Ein großes Handikap für die Stadt sei auch, dass es wegen der schnell wechselnden Konjunkturdaten und der immer noch nicht greifbaren Auswirkungen der Steuerreform keinerlei längerfristige Planungssicherheit gebe. Er könne nicht sagen, ob die jetzt verwendeten Zahlen Bestand hätten; das gelte sowohl nach oben wie nach unten. Es sei allerdings damit zu rechnen, dass sich die bis jetzt vorgelegten Zahlen weiter verschlechterten. So würde etwa das Vorziehen der Steuerreform - gesamtwirtschaftlich sicherlich von Vorteil und von den verschiedensten Seiten gefordert - seiner Ansicht nach die öffentlichen Haushalte kurzfristig fast unzumutbar belasten. EBM Dr. Lang betont, dies seien keine der üblichen Appelle und Warnungen, sondern schlicht der Hinweis auf eine völlig veränderte Ausgangslage. Die Vorausrechnungen seien auf den jetzt bekannten Daten und Fakten zu erstellen.

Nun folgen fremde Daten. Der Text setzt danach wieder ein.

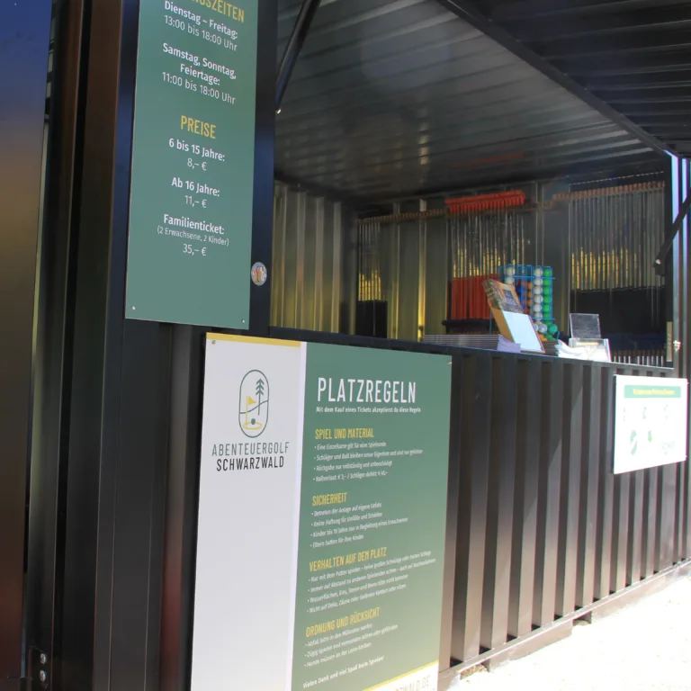 Am 19.7.2025 werden wir die ersten 9 fertigen Bahnen zum Spielen freigeben – zum Sonderpreis von 5 € pro Person. Bis zur Eröffnung am 23.8.2025 gilt das Pre-Opening-Angebot. Geöffnet ist Samstag und Sonntag von 11-18 Uhr.
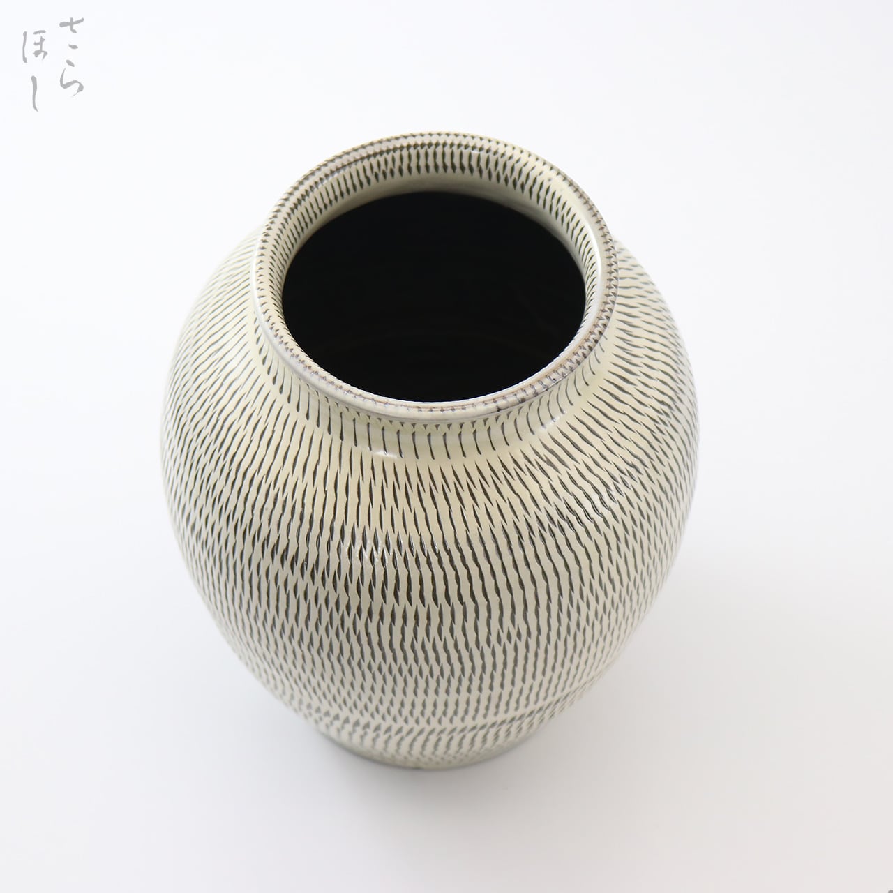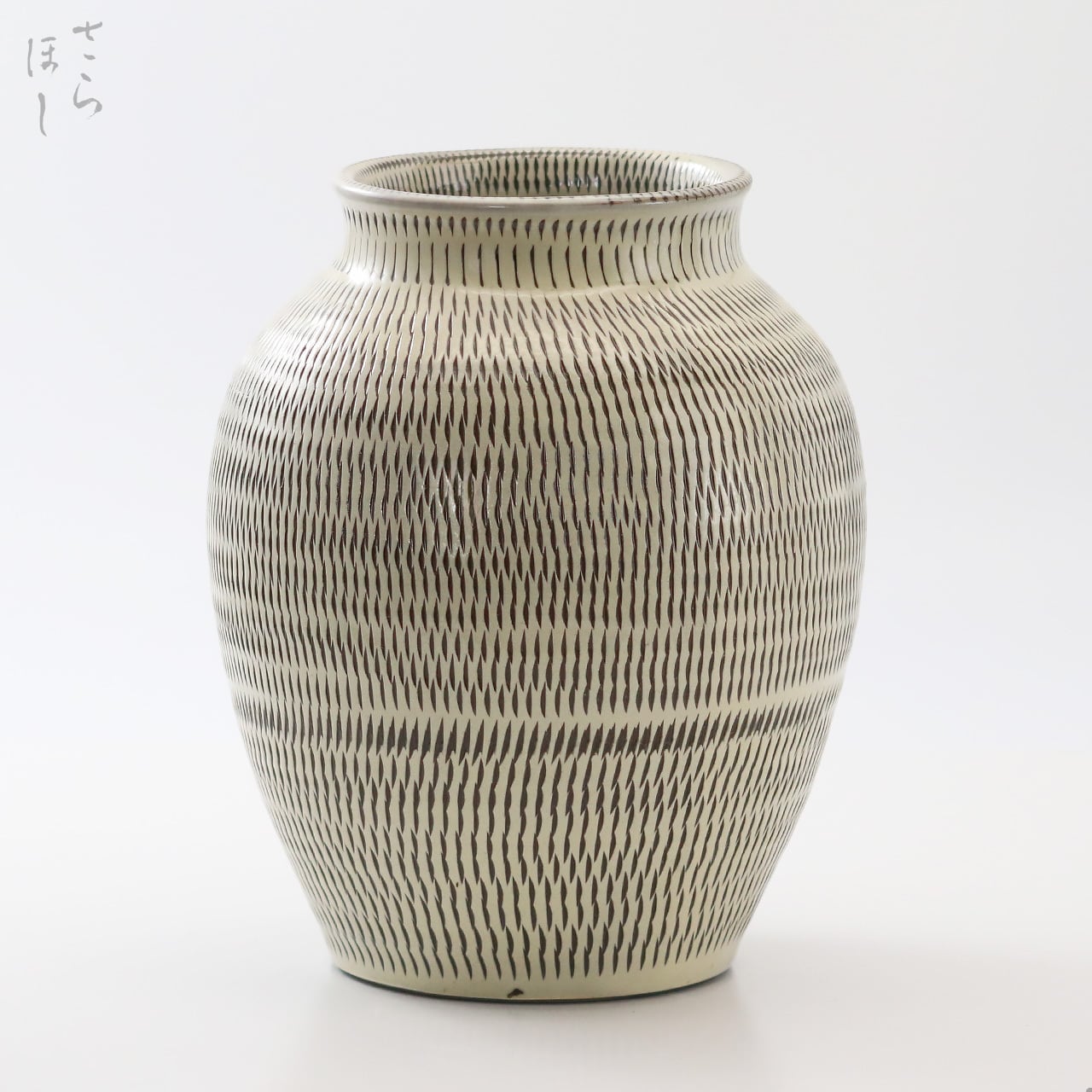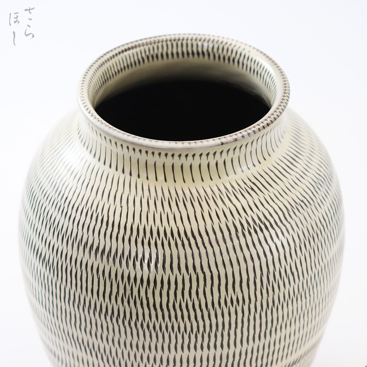 高さが約20cmの丸花瓶で、器の外側全面に素地の段階で小鹿田焼の伝統技法である「飛び鉋(かんな)」を施しています。飛び鉋は、弾力性のある金属で作った鉋を使用し、細かい連続的な削り目をつけ模様をつける技法です。不規則な間合いや余白のある模様は、職人の手作業ならではで見ていても飽きがきません。また、薪で焚く登り窯ならではの炎の揺らぎが表面に影を落とし、奥深い表情を描いてくれています。
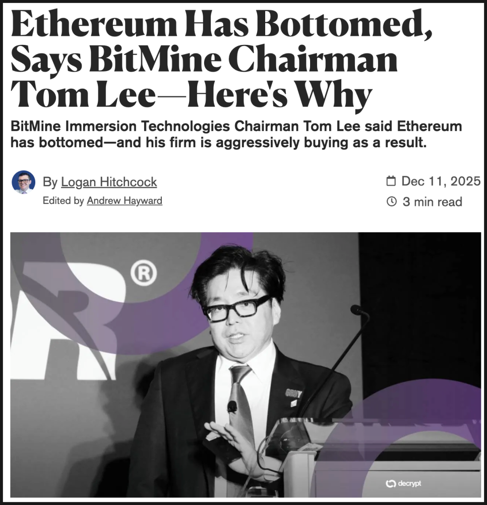 단기 변동성과 ‘바닥’에 대한 생각도 흥미롭습니다. 일단 톰 리는 인터뷰 말미에 “비트마인은 이더리움이 이미 바닥을 찍었다고 보고 있다”고 못 박습니다.

Aus der Mitteilungsvorlage sei ersichtlich, dass die Zuführungsraten 2001 und 2002 bei etwa 70 Mio. DM lägen. Für das Jahr 2003 liege die Prognose im Augenblick bei 250 Mio. DM, wobei er hinter diese Zahl zunächst ein Fragezeichen setzen wolle. Damit werde die gesetzlich vorgeschriebene Mindestzuführungsrate im Jahr 2001 um 76 Mio. DM und im Jahr 2002 um 86 Mio. DM unterschritten. Zu berücksichtigen sei dabei - und das mache die Zahlen noch ernüchternder -, dass in den Berechnungen von 2002 und 2003 die Beschlüsse des Gemeinderats aus dem Verkauf einer ersten Tranche der Energiebeteiligungen berücksichtigt worden seien. Es handle sich für das Jahr 2002 um Verbesserungen im Verwaltungshaushalt von 30 Mio. DM und im Jahr 2003 von 60 Mio. DM. Ziehe man die 30 Mio. DM von den 70 Mio. DM ab, dann verblieben für das Jahr 2002 eigentlich nur noch 40 Mio. DM an Zuführungsrate.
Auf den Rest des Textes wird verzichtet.